We'll now implement a sample metric to illustrate their different documentation components.

### Implementing a custom metric

The following example shows how to implement a custom metric that calculates the mean of a list of numbers.

#### Basic metric implementation

At its most basic, a metric implementation requires a `run()` method that computes the metric and caches its results and Figures. The run() method is called by the ValidMind client when the metric is executed. The `run()` should return any value that can be serialized to JSON.

In the example below we also provide a simple description for the metric:

In [None]:
from dataclasses import dataclass
from validmind.vm_models import Metric

@dataclass
class MeanMetric(Metric):
    name = "mean_of_values"

    def description(self):
        return "Calculates the mean of the provided values"

    def run(self):
        if "values" not in self.params:
            raise ValueError("values must be provided in params")

        if not isinstance(self.params["values"], list):
            raise ValueError("values must be a list")
        
        values = self.params["values"]
        mean = sum(values) / len(values)
        
        return self.cache_results(mean)

#### Testing the custom metric

We should run a metric first without running an entire test plan and test its behavior.
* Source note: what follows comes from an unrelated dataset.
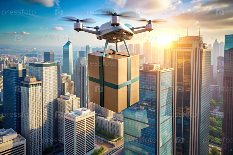 Технология будущего. Дрон доставки несет картонную коробку для человека на веревке. Дрон доставки летает между современными небоскребами. Концепция развития доставки товаров

The only requirement to run a metric is build a `TestContext` object and pass it to the metric initializer. Test context objects allow metrics and tests to access data inside their class methods in a predictable way. By default, ValidMind provides support for the following special keys in a test context objects:

- `dataset`
- `model`
- `models`

When a test context object is build with one of these keys, the corresponding value is automatically added to the object as an attribute. For example, if you build a test context object with the `dataset` key, you can access the dataset inside the metric's `run()` method as `self.dataset`. We'll illustrate this in detail in the next section.

In our simple example, we don't need to pass any arguments to the `TestContext` initializer.

In [None]:
from validmind.vm_models.test_context import TestContext

test_context = TestContext()
mean_metric = MeanMetric(test_context=test_context, params={
    "values": [1, 2, 3, 4, 5]
})
mean_metric.run()

You can also inspect the results of the metric by accessing the `result` variable:

In [None]:
mean_metric.result.show()

### Add a `summary()` method to the custom metric

The `summary()` method is used to build a `ResultSummary` object that can display the results of our test as a list of one or more summray tables. The `ResultSummary` class takes a `results` argument that is a list of `ResultTable` objects.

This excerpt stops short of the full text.